We need to find pairs such that $1 + ab > 0$,which is equivalent to $ab > -1$.
It is easier to count the pairs where $ab \leq -1$ and subtract from $25$.
The pairs $(a, b)$ where $ab \leq -1$ are:
$(-2, 1) \Rightarrow ab = -2$
$(1, -2) \Rightarrow ab = -2$
$(-2, 2) \Rightarrow ab = -4$
$(2, -2) \Rightarrow ab = -4$
$(-1, 1) \Rightarrow ab = -1$
$(1, -1) \Rightarrow ab = -1$
$(-1, 2) \Rightarrow ab = -2$
$(2, -1) \Rightarrow ab = -2$
There are $8$ such pairs. Thus,the number of elements in $R$ is $25 - 8 = 17$. Statement $I$ is true.

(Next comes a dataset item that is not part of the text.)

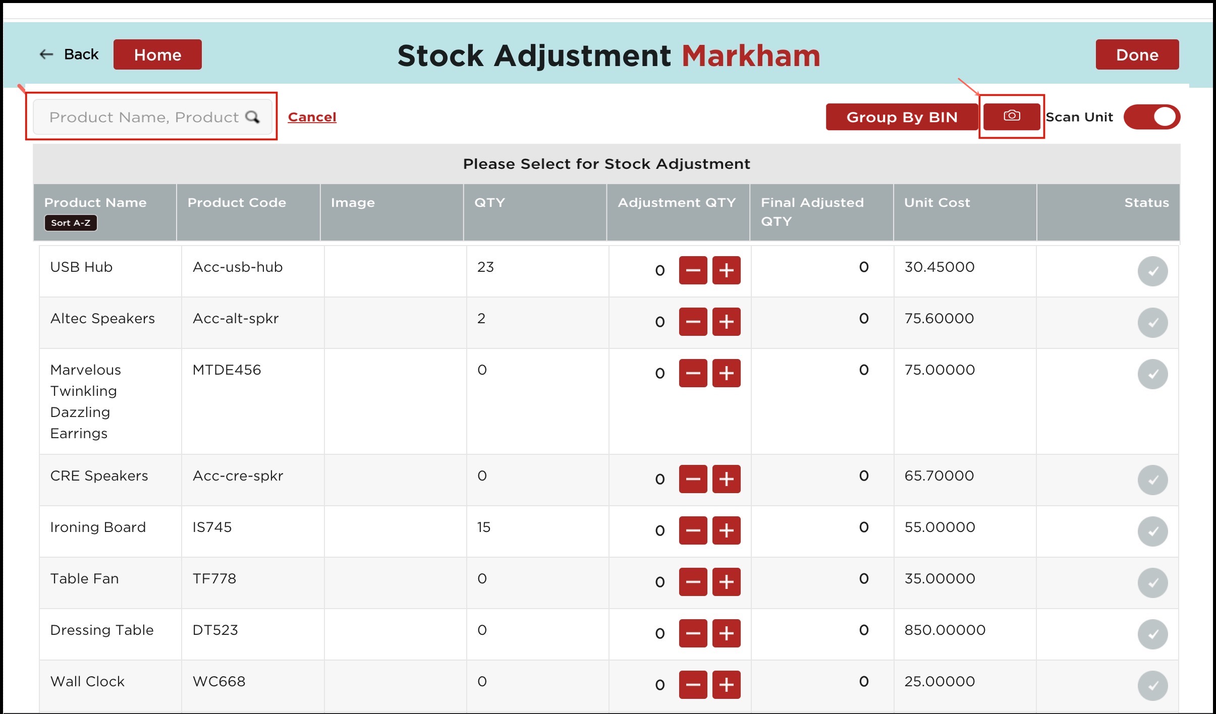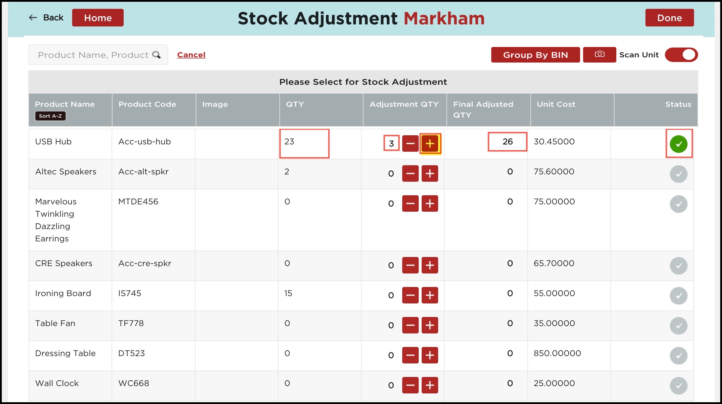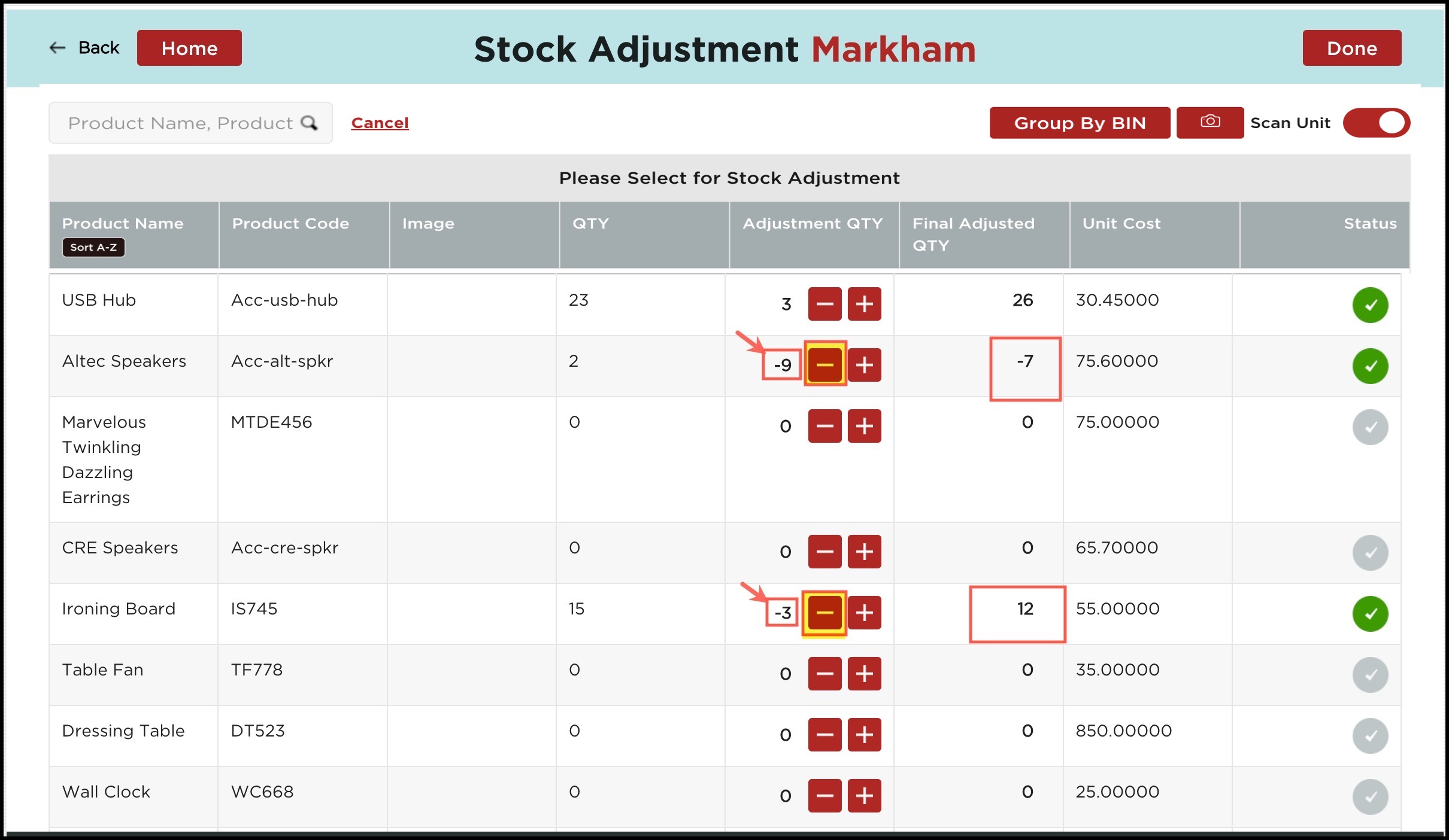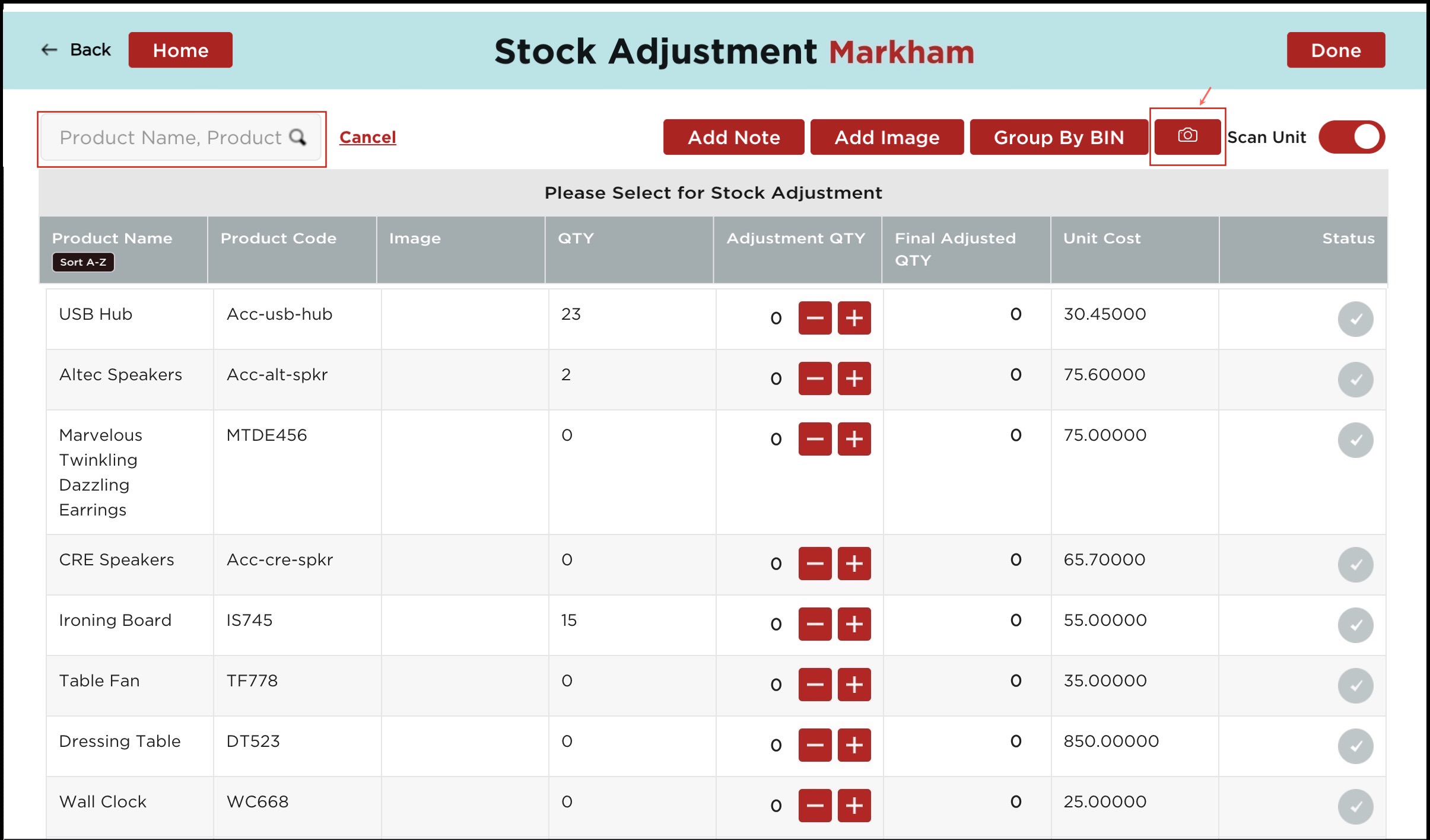 - If the scan unit is enabled for Stock Adjustment then you can see the "+" and "-" sign under the Adjustment Qty column (against each product) to modify the quantity up or down.

For Statement $II$,check if $R$ is an equivalence relation. $A$ relation is an equivalence relation if it is reflexive,symmetric,and transitive.
Reflexivity: $1 + a^2 > 0$ is true for all $a \in S$. So,it is reflexive.
Symmetry: $1 + ab > 0 \iff 1 + ba > 0$. So,it is symmetric.
Transitivity: Consider $(1, 0) \in R$ because $1 + 0 = 1 > 0$,and $(0, -2) \in R$ because $1 + 0 = 1 > 0$. However,$(1, -2) \notin R$ because $1 + (1)(-2) = -1 \ngtr 0$. Thus,$R$ is not transitive. Statement $II$ is false.

(A) The relation $R$ is defined by $\log_e(x + y) \leq 2$,which implies $x + y \leq e^2$. Since $e \approx 2.718$,$e^2 \approx 7.389$. Thus,$x + y \leq 7$ for $x, y \in N$.
The pairs $(x, y)$ in $R$ are: $(1,1), (1,2), (1,3), (1,4), (1,5), (1,6), (2,1), (2,2), (2,3), (2,4), (2,5), (3,1), (3,2), (3,3), (3,4), (4,1), (4,2), (4,3), (5,1), (5,2), (6,1)$.
$A$ relation is transitive if $(a, b) \in R$ and $(b, c) \in R \implies (a, c) \in R$.
Consider $(3, 4) \in R$ and $(4, 3) \in R$. For transitivity,$(3, 3)$ must be in $R$,which is true. Consider $(4, 4) \notin R$. If we have $(3, 4) \in R$ and $(4, 3) \in R$,we need $(3, 3) \in R$ (present). If we have $(4, 3) \in R$ and $(3, 4) \in R$,we need $(4, 4) \in R$. Since $4+4=8 > 7$,$(4, 4) \notin R$. Thus,we must add $(4, 4)$ to $R$. Similarly,checking other combinations,we find that adding $(4, 4)$ is necessary. After verification,the minimum number of elements to add is $1$.